Subgroup analyses based on CTS direction (right, left, bilateral) and severity (mild, moderate, severe) provide further granularity. The right-sided predominance of higher LDL cholesterol, albumin, and neutrophil levels, along with elevated erythrocyte distribution width in the left CTS group, suggests potential lateralised vascular or metabolic influences on CTS manifestation. However, the absence of significant differences in gastric findings or most systemic parameters across CTS severity categories indicates that while certain laboratory abnormalities are associated with CTS presence, they may not directly correlate with disease progression [23].

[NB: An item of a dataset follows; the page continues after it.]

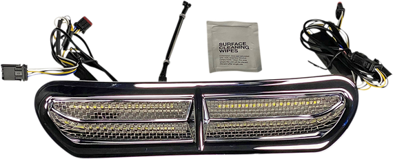 Caracteristicas: Replaces the factory batwing fairing vent 15 super bright white LED running lights and 15 amber LED turn signals Stainless steel mesh matches look of stock air cleaner Allows stock fairing vent to open and close Plug and Play

Despite the absence of a direct correlation between CTS and gastric pathology, the findings illustrate the significance of a systemic perspective in CTS evaluation and management. These results contribute valuable insights to the extant literature and underscore the need for prospective studies to explore the causal relationships and therapeutic implications of these associations.
Study Limitations
The current study is subject to several limitations. The retrospective design of the study limits causal inference, and the lack of longitudinal data limits understanding of biochemical and haematological changes over time. Parameters such as PTH, fibrinogen/albumin ratio, and ionised calcium were studied in a limited number of cases in our study and were not statistically evaluated. The possibility of selection bias due to the inclusion of patients presenting only with dyspeptic complaints is a potential limitation of the study. Potential confounding factors such as occupational handedness, lifestyle factors, and genetic predisposition were not evaluated in the current study. Other factors to consider include the limitations of single-point measurements for laboratory parameters and the sole reliance on EMG for CTS classification. Furthermore, although associations between CTS, pan-immune inflammatory markers, and gastric pathology have been investigated, mechanistic associations have not been explored.
5. Conclusions
This multidisciplinary study demonstrates significant associations between carpal tunnel syndrome (CTS) and specific biochemical and haematological parameters, including elevated calcium levels, reduced magnesium levels, and altered erythrocyte indices. The study also notes the absence of a clear relationship between CTS and gastric pathology in patients with dyspeptic symptoms. The findings suggest that CTS may have systemic origins influenced by metabolic, haematological, and inflammatory factors, emphasising the necessity of a comprehensive, interdisciplinary approach to patient evaluation. Despite certain limitations, such as the retrospective design and lack of longitudinal follow-up, this study provides novel insights into the complex interplay between CTS and systemic health. These results contribute to the growing body of evidence supporting a broader perspective in the diagnosis and management of CTS and lay the basis for future prospective research to explore potential therapeutic targets and mechanisms.